Two reviews assessed the efficacy of manual and electronic acupuncture against conventional care as the control [19], or against sham acupuncture or no treatment as the control [20]. The primary outcome in both reviews was death or dependency/disability at the end of treatment/follow-up, and in both cases there was no significant difference between the acupuncture and control arms. Nevertheless, Zhang et al. [20] discovered a borderline significant trend favoring acupuncture, with slightly lower rates of mortality and dependency at the end of long-term follow-up (15-22 months). The secondary outcome in both reviews was an improvement in neurological deficit scores. Both studies found acupuncture to be associated with significantly greater improvements than the control treatment: SMD 1.17, 95% CI 0.30-2.04 [20] and WMD 3.49, 95% CI 2.00-4.99 [19].

In the third review, Wang et al. [18] meta-analyzed 8 RCTs and compared the efficacy of scalp acupuncture with conventional medication. Acupuncture was associated with significantly greater improvement in neurological deficit scores (WMD 3.89, 95% CI 2.43-5.36) as well as significantly higher rates of clinical efficacy (RR 1.23, 95% CI 1.11-1.37).

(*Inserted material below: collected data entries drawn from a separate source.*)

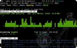 Tor (сокр. от англ. The Onion Router)[11] — свободное и открытое программное обеспечение для реализации второго (V2) и третьего (V3) поколения так называемой луковой маршрутизации[12]. Это система прокси-серверов, позволяющая устанавливать анонимное сетевое соединение, защищённое от прослушивания. Рассматривается как анонимная сеть виртуальных туннелей, предоставляющая передачу данных в зашифрованном виде[13]. Написана преимущественно на C[14].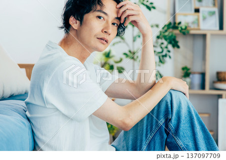 リビングでくつろぐミドルの男性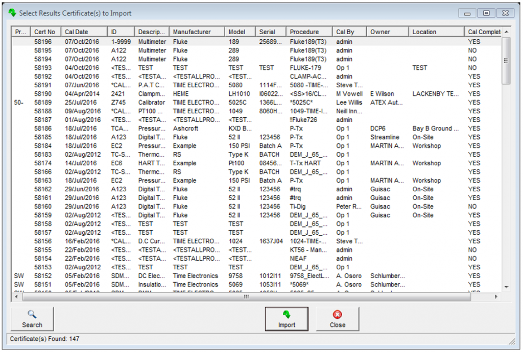 Select the results database you wish import from in the normal way. Select the certificates you wish to import. If you are importing all the certificates make sure all rows are selected by scrolling up and down the list.
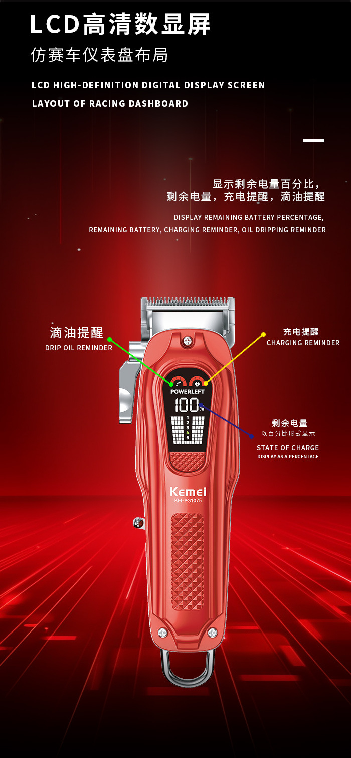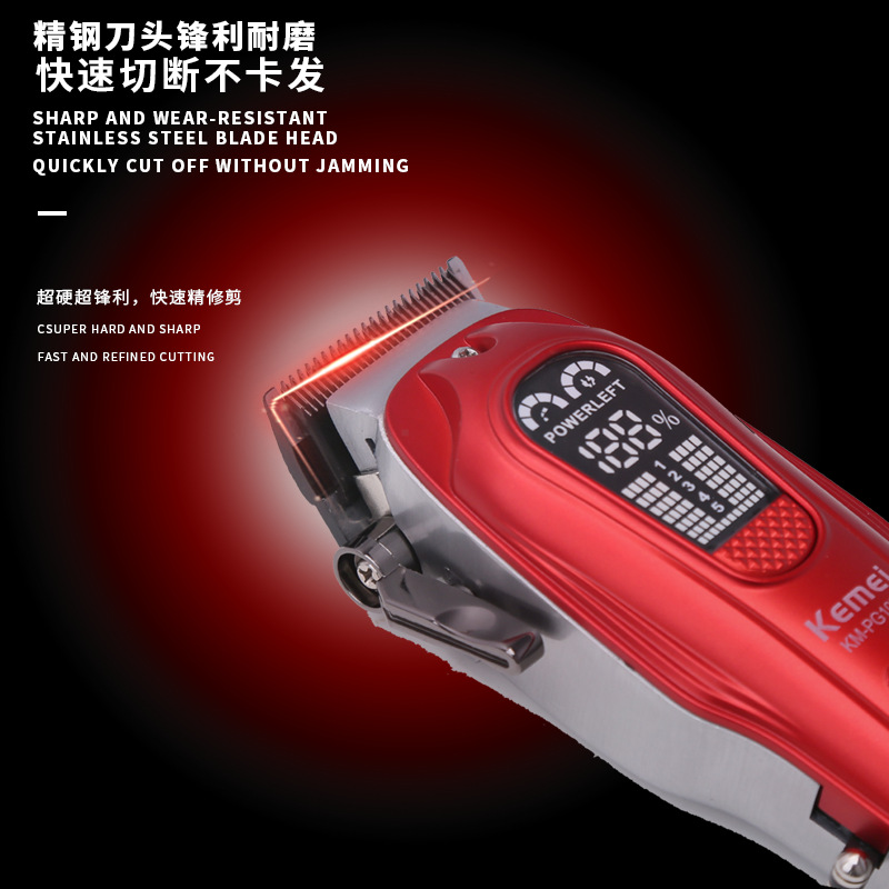 科美KEMEI新款理发器 USB高转速数显理发剪精钢刀头金属剃头推子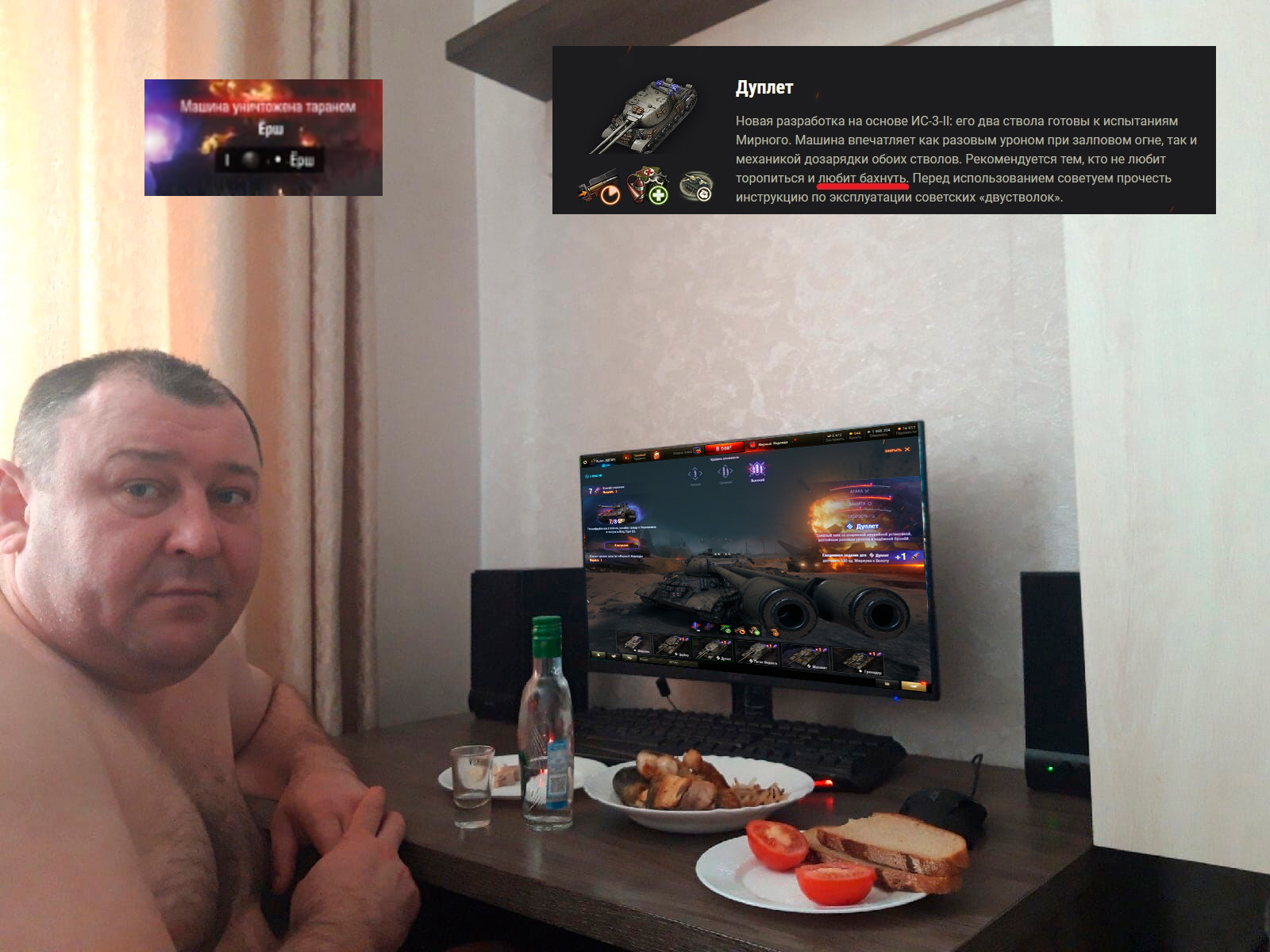 Каталси на рокете, и тут с горки шариотр выезжает, бесстрашно выстааляя ебало, и ловит две рокеты, я еще крякнул с этих 1к халявных, потом смотрю в стату, а там синьор дегенерат красный с 12к боев. Он даже не вдуплил, что произошло, похоже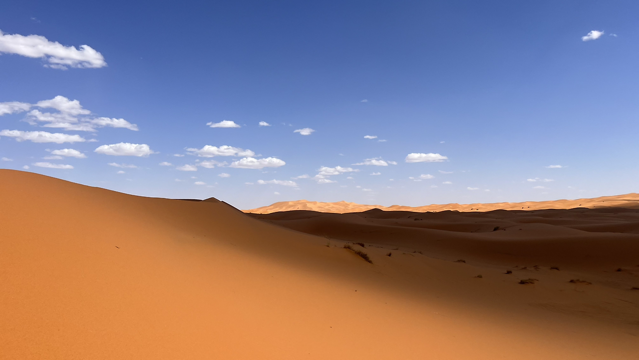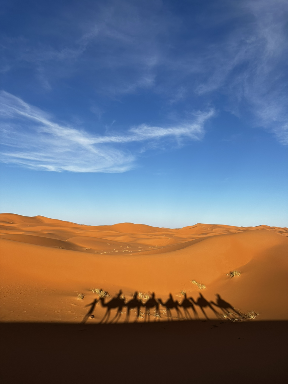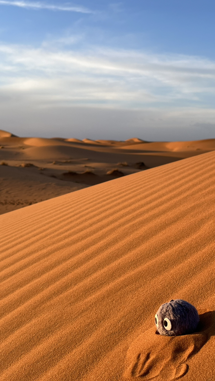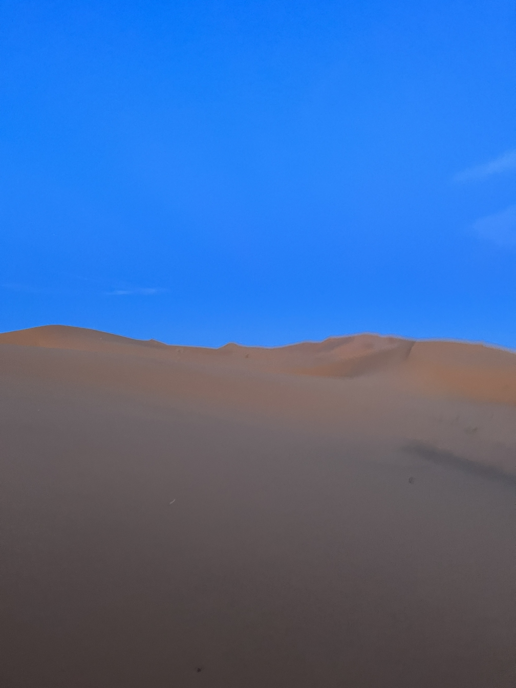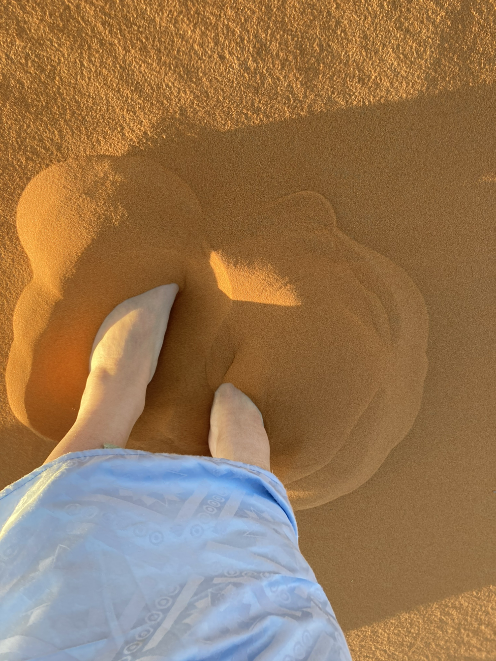 "낙타 마사지 끝. 낙타 힘들어."라는 능숙한 한국어를 선보인 한 베르베르인이 사막 선셋 포인트 앞에서 모든 낙타를 멈춰 세웠다. 어트랙션마냥 쉽지 않았던 첫 번째 낙타를 잠재우고 일몰에 반사된 황금빛 모래에 발을 내디뎠다. 푹 소리와 함께 두 발이 모래 언덕에 파묻혔다. 운동화를 신고 있었던 탓에 틈새로 가는 모래 입자가 스며들어오는 것이 느껴지자 재빠르게 양말까지 벗어던졌다. 한 걸음걸음을 걸을 때마다 모래가 밟힌다는 느낌보다는 주르륵 힘없이 주변으로 흘러내린다는 느낌이었는데, 이 텍스처가 영원히 남는 물자국 같아 보이기도 했다. 보고 느끼는 모든게 새로운 것 투성이었다.

Acupuncture for Poststroke Rehabilitation

One Cochrane systematic review [24] and 5 non- Cochrane systematic reviews [21,22,23,25,26] assessed the efficacy of acupuncture for poststroke rehabilitation. All reviews focused on ischemic and hemorrhagic stroke, and the authors placed no restrictions on the disease stage. Five of these reviews assessed the efficacy of manual or electronic acupuncture against various control treatments including sham acupuncture, conventional rehabilitation, medication or Chinese herbs. Quantitative analyses were impossible because the included studies reported different outcomes, which spanned physical assessment, disability and motor assessments, and other validated stroke assessment scales. Nevertheless, three reviews tried to perform meta-analysis on subgroups to reduce the bias caused by heterogeneity [22,23,24]. The Cochrane review of Wu et al. [24] included subacute and chronic stroke patients and meta-analyzed changes in neurological deficit scores on the Chinese Stroke Recovery Scale. They found that acupuncture was associated with a much higher probability of a deficit reduction (OR 6.55, 95% CI 1.89-22.76, p = 0.04), but the heterogeneity was high (I2 = 68%). Kong et al. [23] meta-analyzed subgroups who received acupuncture or sham acupuncture, and found no significant difference in either functionality during activities of daily living (ADL) or in changes in neurological deficit scores. Wu et al. [22] transformed the diverse outcome measurements of 38 trials into binary variable outcomes and pooled the data. They found acupuncture to be associated with significantly better outcomes than sham or no acupuncture (OR 4.33, 95% CI 3.09-6.08), leading them to conclude that acupuncture is likely to be effective for improving poststroke rehabilitation.

Among the 6 reviews assessing the efficacy of acupuncture for poststroke rehabilitation, only the review by Lee et al. [21] assessed the efficacy of scalp acupuncture. Those authors found that scalp acupuncture, when used as an adjunct to conventional treatment, was associated with higher rates of clinical efficacy and higher ADL functionality. Those authors concluded that the evidence for acupuncture as a useful part of poststroke rehabilitation was weak but positive.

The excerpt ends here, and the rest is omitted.